If you want to cheat, or cheat yourself, the path is clear. Call X whatever you like, label the algorithm a “simulation” or “deep learning” or “artificial intelligence” or similar, and then express marvel at Y. Again, sometimes the path is not clear from X to Y, and the way the algorithm produces Y might teach you something about X. But since X is put there by you, and the algorithm does what you told it, it cannot be marvelous when it works as it should.

This, incidentally, is why there is not one whit of difference between a “simulation”, “forecast”, “prediction”, “prognostication”, “scenario”, or any of the other words that describe getting from X to Y. People who take refuge in a failed “scenario” by claiming the scenario wasn’t a forecast are fooling themselves. And possibly you, too.

There is no saying the Y has to be certain: it need only be probable with reference to X and the algorithm.

Anybody notice the similarities between any probability model, or mathematical model, or indeed any model at all? You should by now.
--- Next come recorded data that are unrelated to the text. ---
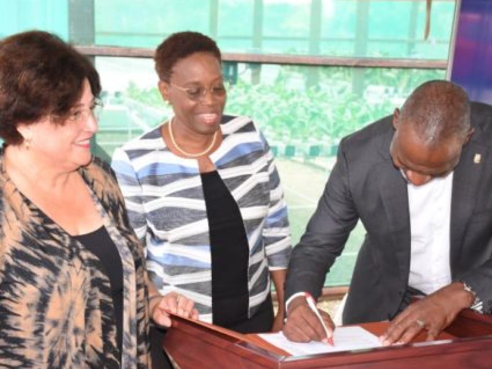 Tijdens de persconferentie benadrukte GMN-minister Camelia-Römer het belang van samenwerking tussen de ministeries voor een succesvolle ontwikkeling van de landbouw. Met een toename van de lokale productie is veel te winnen. ,,Nu geven we bijna 77 miljoen gulden uit aan de import van producten”, zegt Camelia-Römer.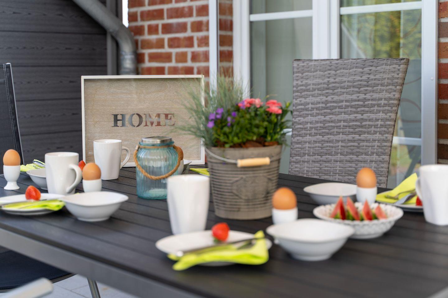Ein besonderes Highlight der Wohnung ist die sonnige Terrasse, auf der Sie den Tag bei einem gemütlichen Frühstück im Freien starten oder einfach nur die Seele baumeln lassen können. Der Blick auf die Umgebung und die Nähe zur Natur sorgen für ein unvergleichliches Gefühl von Freiheit und Entspannung.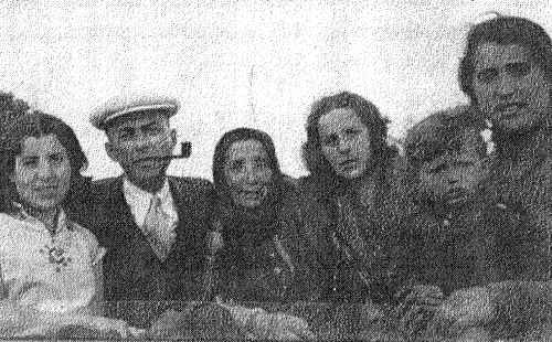Your cousin Howard Hiatt sent this picture. This is Henneleh [far left]. Next is Al, who came to visit us; that's the way Al looked. Next is my mother, then myself. This [small child] is Bereleh. When the war started, he was about fourteen or fifteen years old. This is Chaya [far right].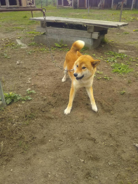 | 特徴(性格など) | 典型的茶色の柴で均整のとれた体格です。 最近ケージで隣に強い犬が居て臆病に少しなったという話です。 |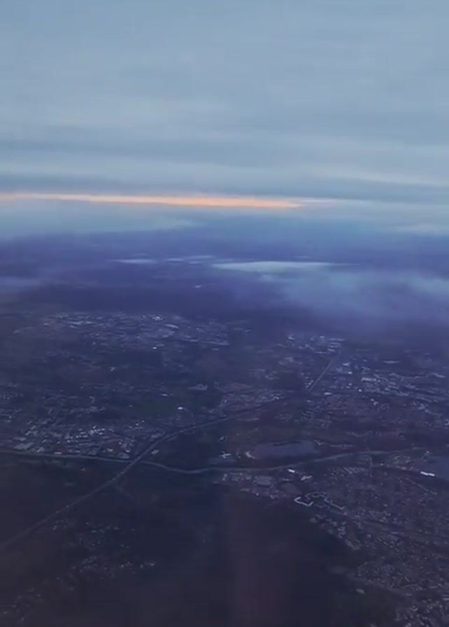 n aerial view of a city landscape. The city has buildings and streets visible below, viewed through the plane's window. The sky is overcast, with light breaking through at the horizon line. The overall color palette is blue and gray. A voice announces that smoking is prohibited.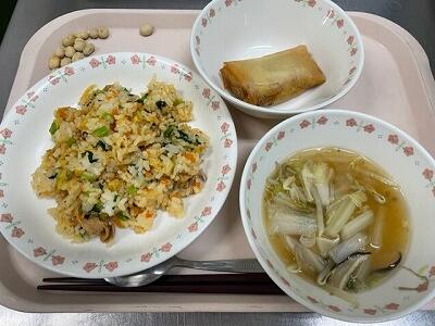 一覧へ 今日の給食 日時 2023年06月28日(水) 公開対象 給食室から 詳細 ・牛乳 ・キムチチャーハン ・手作り春巻き ・中華トックスープ ・いり大豆 作成者 藤心小学校 更新日時 2023-07-03 11:28:33
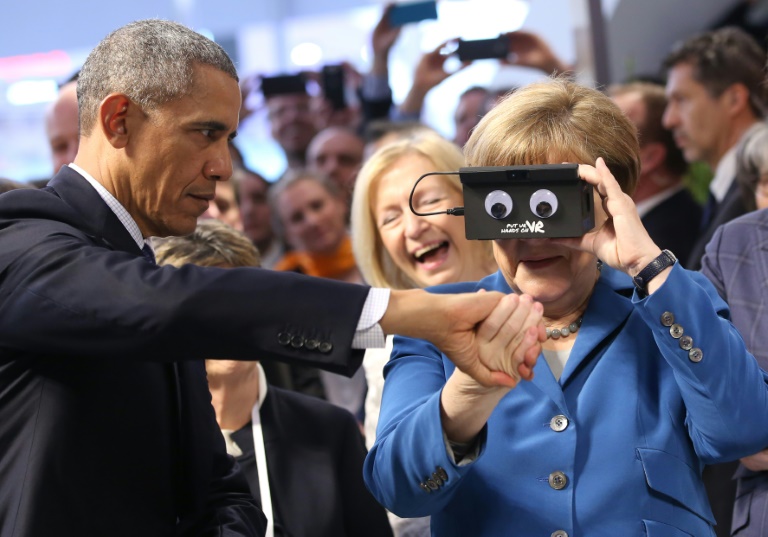 2016年4月,奧巴馬訪德大贊默克爾,對(duì)待難民危機(jī)的態(tài)度令?yuàn)W巴馬敬佩不已。AFP圖

A simulation, prediction, etc., fails in two ways. X could be mismeasured or misspecified, and the algorithm is good. Mistakes happen. Or X could be fine and the algorithm stinks. Or both. Pros, like those behind the linked article above, rarely screw up X. But they love their algorithms too well. Algorithms can be right in saying Y from X, but wrong in why Y truly came about. Monkeys throwing darts can pick good stocks.

Of course, I am not saying there will not be a pandemic where a seventh of the population is wiped out. Nor am I claiming “a doomsday cult” won’t release a “a genetically engineered virus.” But if you’re writing a simulation that takes as input X = “Doomsday cult releases genetically engineered virus”, part of that algorithm that leads to Y = “Nearly a billion die” has to specify, by design, the kind of virus that would kill a billion in a manner that must be imagined by the algorithm’s designers.

That is, we are not at from our simple chilling algorithm.